* EXERCISE OBJECTIVE: An exact copy of all the data is required, with pictures left out.

* TASK INPUT:
******

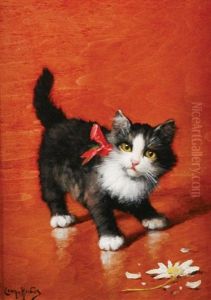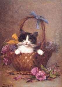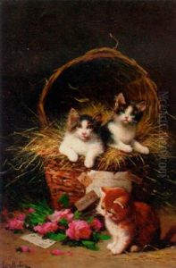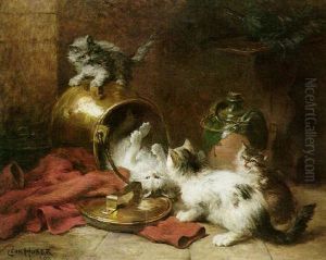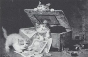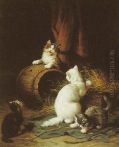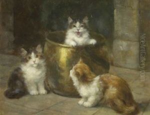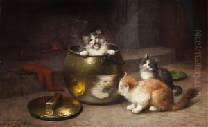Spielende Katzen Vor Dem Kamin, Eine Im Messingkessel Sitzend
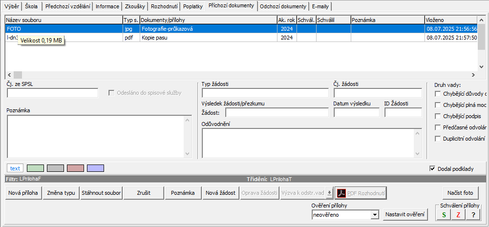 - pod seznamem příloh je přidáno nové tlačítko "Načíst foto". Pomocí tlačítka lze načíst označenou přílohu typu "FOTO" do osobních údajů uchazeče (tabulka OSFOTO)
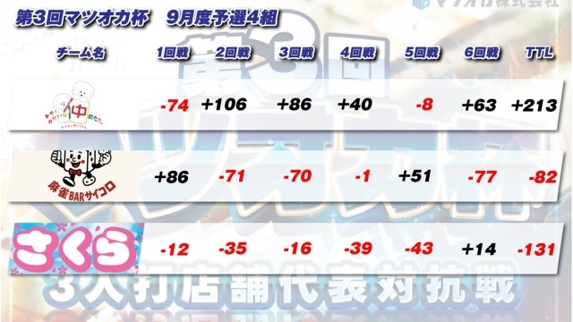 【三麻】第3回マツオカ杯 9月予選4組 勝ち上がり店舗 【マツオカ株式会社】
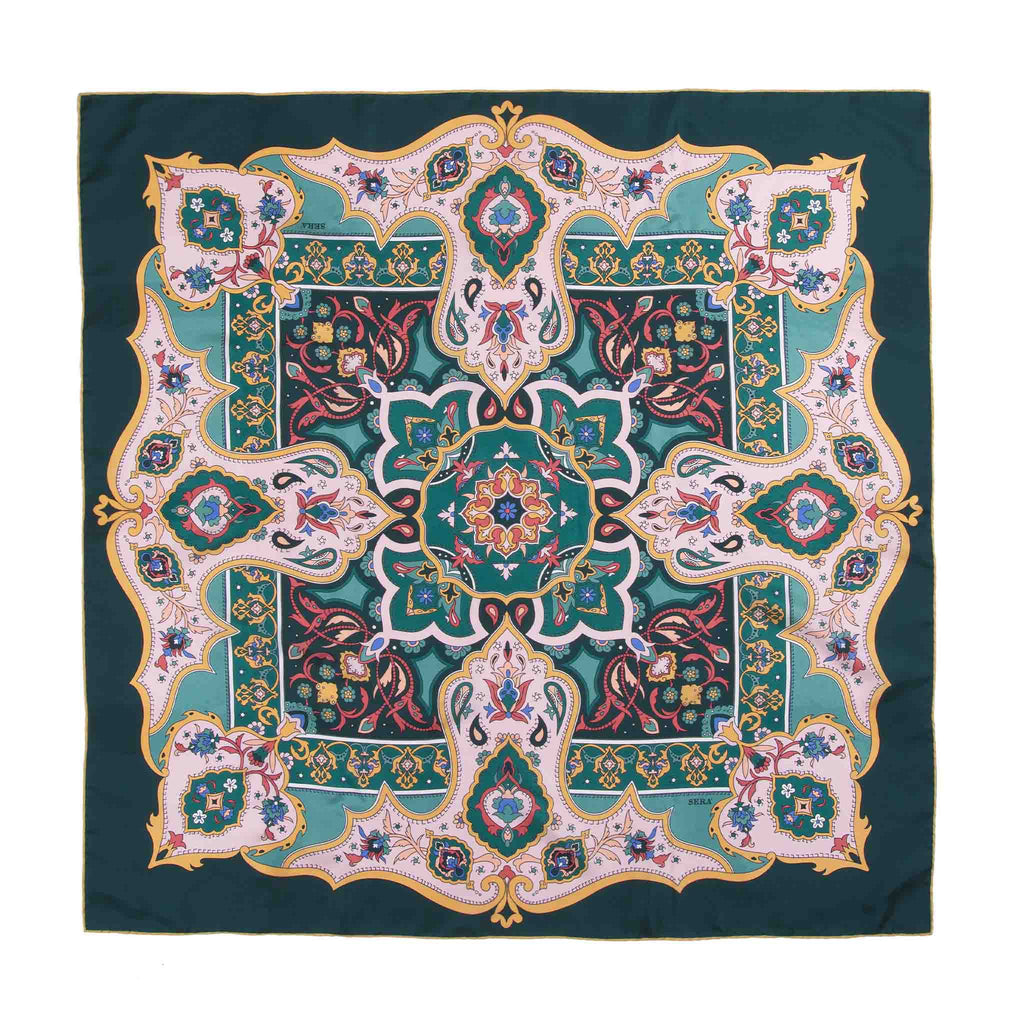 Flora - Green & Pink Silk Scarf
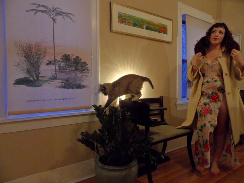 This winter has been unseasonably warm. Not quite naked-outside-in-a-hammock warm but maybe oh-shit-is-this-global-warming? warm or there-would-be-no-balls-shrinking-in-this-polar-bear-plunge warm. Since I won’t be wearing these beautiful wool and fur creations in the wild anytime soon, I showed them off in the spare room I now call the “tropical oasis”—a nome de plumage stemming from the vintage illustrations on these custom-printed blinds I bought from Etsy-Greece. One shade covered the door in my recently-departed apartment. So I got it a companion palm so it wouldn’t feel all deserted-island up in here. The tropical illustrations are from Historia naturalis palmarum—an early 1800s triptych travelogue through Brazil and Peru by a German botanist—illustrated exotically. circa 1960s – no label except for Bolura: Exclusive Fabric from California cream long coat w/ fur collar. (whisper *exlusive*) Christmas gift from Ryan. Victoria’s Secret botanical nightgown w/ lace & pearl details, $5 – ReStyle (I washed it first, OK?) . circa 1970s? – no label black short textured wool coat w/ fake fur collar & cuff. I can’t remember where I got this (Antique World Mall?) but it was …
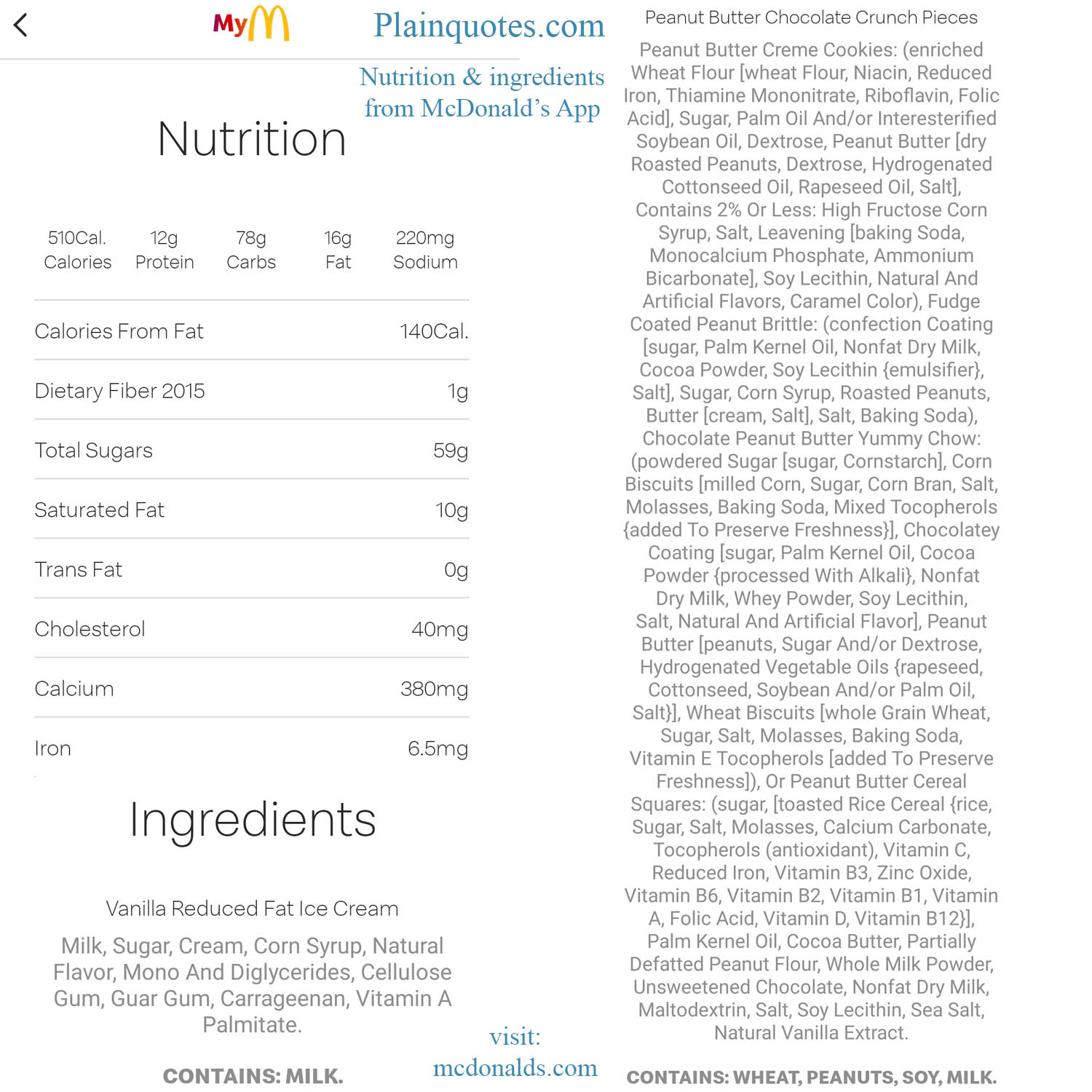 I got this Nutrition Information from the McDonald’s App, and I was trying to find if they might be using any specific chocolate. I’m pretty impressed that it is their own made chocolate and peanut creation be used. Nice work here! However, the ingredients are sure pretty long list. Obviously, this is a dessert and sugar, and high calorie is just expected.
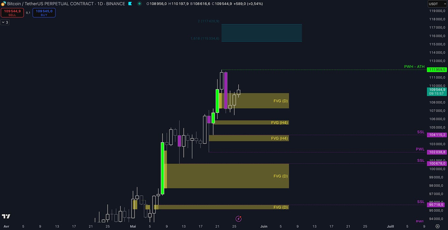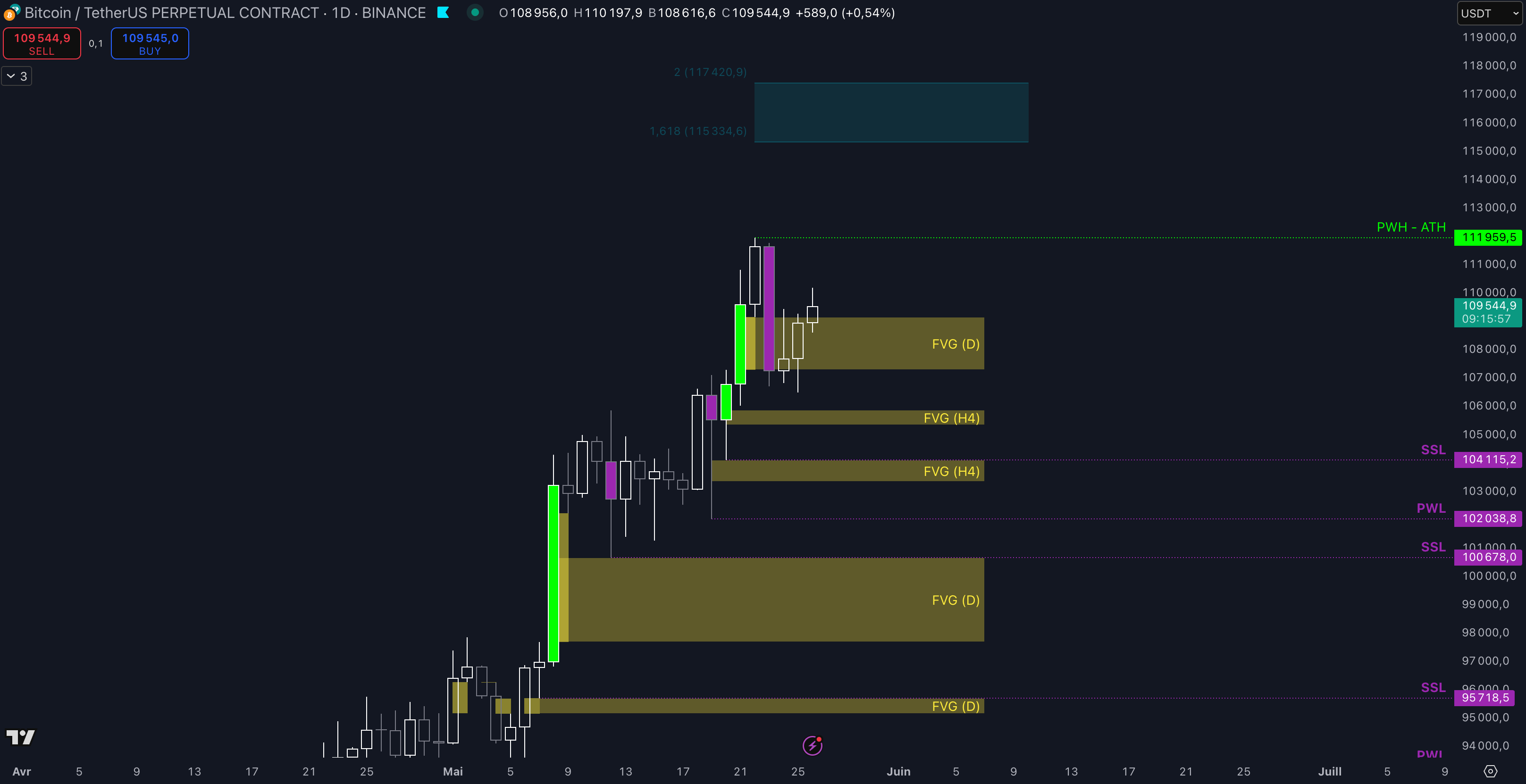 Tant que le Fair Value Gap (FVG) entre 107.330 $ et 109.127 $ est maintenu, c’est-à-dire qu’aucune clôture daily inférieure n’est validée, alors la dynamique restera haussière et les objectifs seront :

******

* RESPONSE TO THIS TASK:
Spielende Katzen Vor Dem Kamin, Eine Im Messingkessel Sitzend
 - pod seznamem příloh je přidáno nové tlačítko "Načíst foto". Pomocí tlačítka lze načíst označenou přílohu typu "FOTO" do osobních údajů uchazeče (tabulka OSFOTO)
 【三麻】第3回マツオカ杯 9月予選4組 勝ち上がり店舗 【マツオカ株式会社】
 Flora - Green & Pink Silk Scarf
 This winter has been unseasonably warm. Not quite naked-outside-in-a-hammock warm but maybe oh-shit-is-this-global-warming? warm or there-would-be-no-balls-shrinking-in-this-polar-bear-plunge warm. Since I won’t be wearing these beautiful wool and fur creations in the wild anytime soon, I showed them off in the spare room I now call the “tropical oasis”—a nome de plumage stemming from the vintage illustrations on these custom-printed blinds I bought from Etsy-Greece. One shade covered the door in my recently-departed apartment. So I got it a companion palm so it wouldn’t feel all deserted-island up in here. The tropical illustrations are from Historia naturalis palmarum—an early 1800s triptych travelogue through Brazil and Peru by a German botanist—illustrated exotically. circa 1960s – no label except for Bolura: Exclusive Fabric from California cream long coat w/ fur collar. (whisper *exlusive*) Christmas gift from Ryan. Victoria’s Secret botanical nightgown w/ lace & pearl details, $5 – ReStyle (I washed it first, OK?) . circa 1970s? – no label black short textured wool coat w/ fake fur collar & cuff. I can’t remember where I got this (Antique World Mall?) but it was …
 I got this Nutrition Information from the McDonald’s App, and I was trying to find if they might be using any specific chocolate. I’m pretty impressed that it is their own made chocolate and peanut creation be used. Nice work here! However, the ingredients are sure pretty long list. Obviously, this is a dessert and sugar, and high calorie is just expected.
 Tant que le Fair Value Gap (FVG) entre 107.330 $ et 109.127 $ est maintenu, c’est-à-dire qu’aucune clôture daily inférieure n’est validée, alors la dynamique restera haussière et les objectifs seront :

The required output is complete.